### WORK REQUEST
When you reach the line with "考前,学院在美艺楼、美术楼及", transcribe it and each line after it through the last one below, exactly. Pictures stay out.

┌─ PROVIDED RECORDS

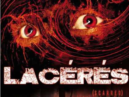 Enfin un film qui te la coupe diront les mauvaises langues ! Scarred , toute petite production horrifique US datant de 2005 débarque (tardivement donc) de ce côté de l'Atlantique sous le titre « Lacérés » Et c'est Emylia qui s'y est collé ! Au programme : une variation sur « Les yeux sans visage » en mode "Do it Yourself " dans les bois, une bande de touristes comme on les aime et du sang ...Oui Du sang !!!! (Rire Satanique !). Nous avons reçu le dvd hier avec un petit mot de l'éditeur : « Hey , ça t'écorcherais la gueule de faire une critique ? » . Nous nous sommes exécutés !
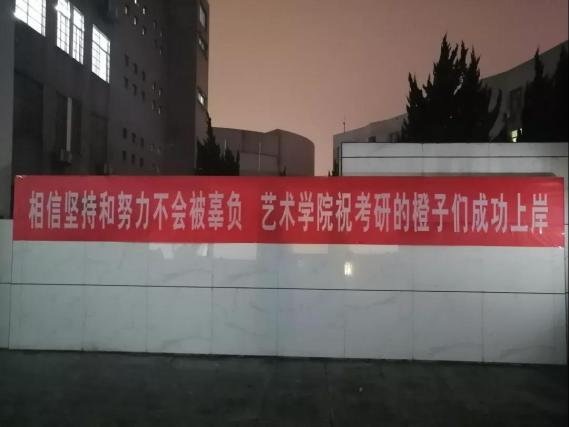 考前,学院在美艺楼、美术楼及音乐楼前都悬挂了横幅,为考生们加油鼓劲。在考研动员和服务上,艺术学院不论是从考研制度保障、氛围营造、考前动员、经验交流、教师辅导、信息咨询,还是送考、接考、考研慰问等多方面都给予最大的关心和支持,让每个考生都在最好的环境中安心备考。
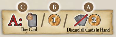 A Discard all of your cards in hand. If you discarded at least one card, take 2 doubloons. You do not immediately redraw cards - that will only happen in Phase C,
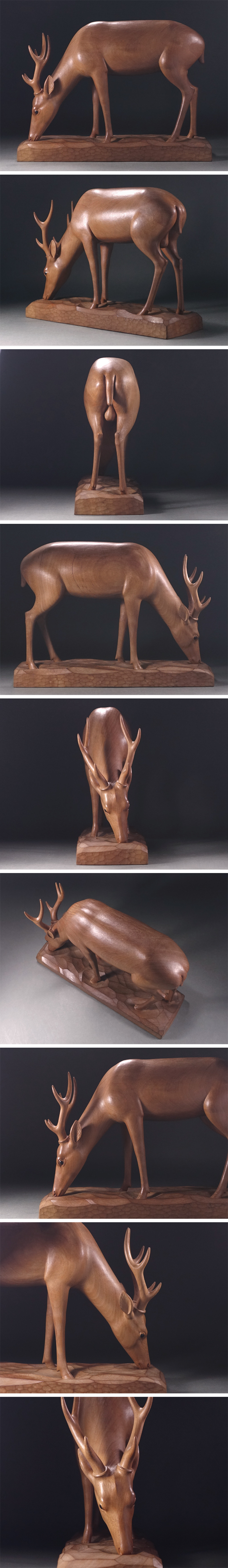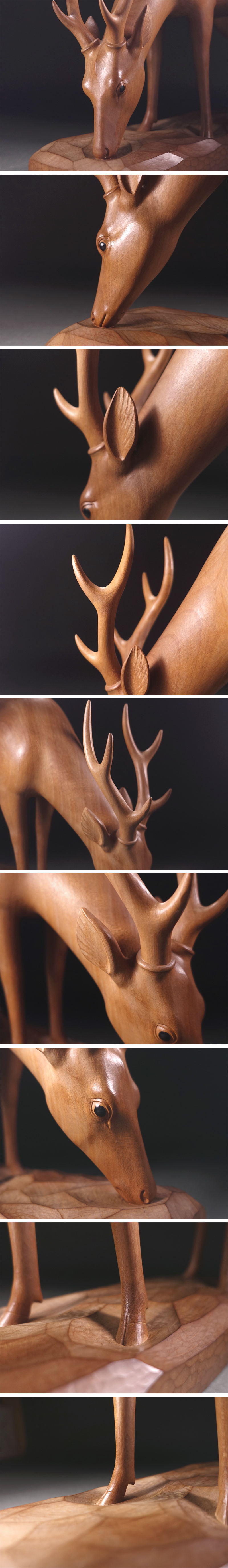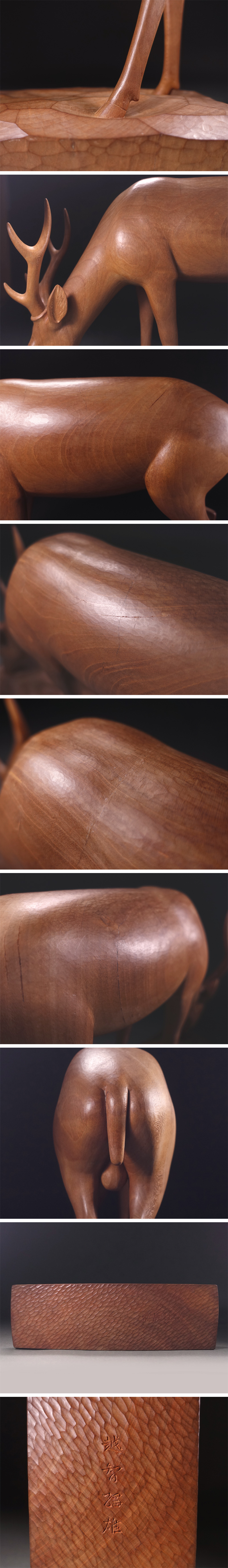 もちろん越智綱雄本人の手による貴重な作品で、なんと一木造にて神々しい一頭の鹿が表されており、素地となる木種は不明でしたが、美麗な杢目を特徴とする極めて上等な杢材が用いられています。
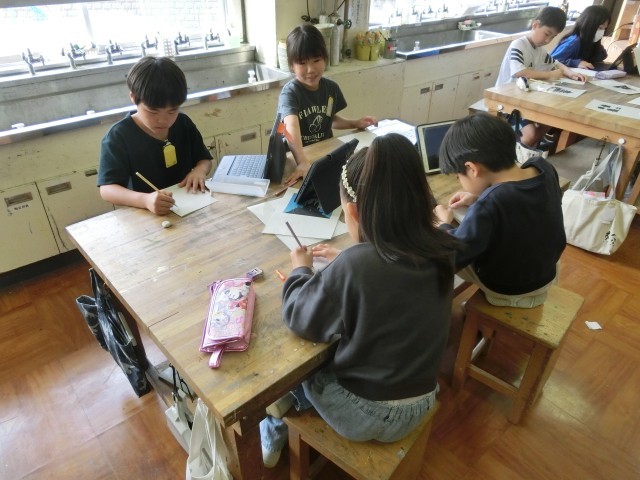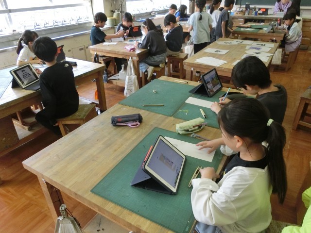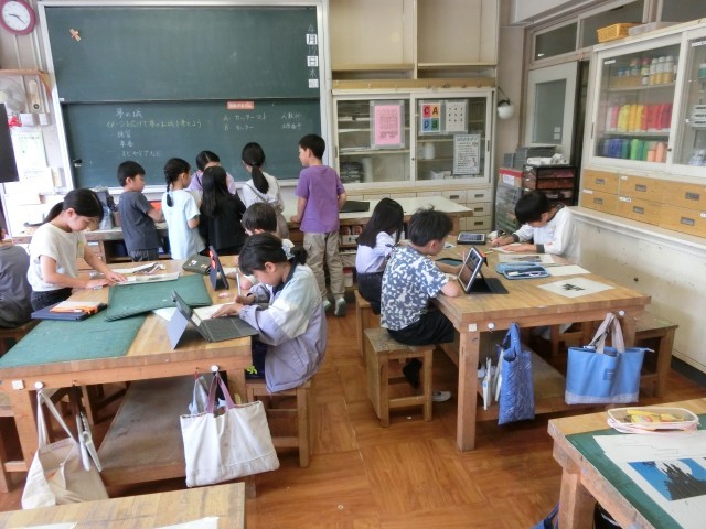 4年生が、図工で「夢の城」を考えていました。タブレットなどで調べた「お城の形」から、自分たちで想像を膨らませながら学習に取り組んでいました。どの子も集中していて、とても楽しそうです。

└─

### SOLUTION
 考前,学院在美艺楼、美术楼及音乐楼前都悬挂了横幅,为考生们加油鼓劲。在考研动员和服务上,艺术学院不论是从考研制度保障、氛围营造、考前动员、经验交流、教师辅导、信息咨询,还是送考、接考、考研慰问等多方面都给予最大的关心和支持,让每个考生都在最好的环境中安心备考。
 A Discard all of your cards in hand. If you discarded at least one card, take 2 doubloons. You do not immediately redraw cards - that will only happen in Phase C,
 もちろん越智綱雄本人の手による貴重な作品で、なんと一木造にて神々しい一頭の鹿が表されており、素地となる木種は不明でしたが、美麗な杢目を特徴とする極めて上等な杢材が用いられています。
 4年生が、図工で「夢の城」を考えていました。タブレットなどで調べた「お城の形」から、自分たちで想像を膨らませながら学習に取り組んでいました。どの子も集中していて、とても楽しそうです。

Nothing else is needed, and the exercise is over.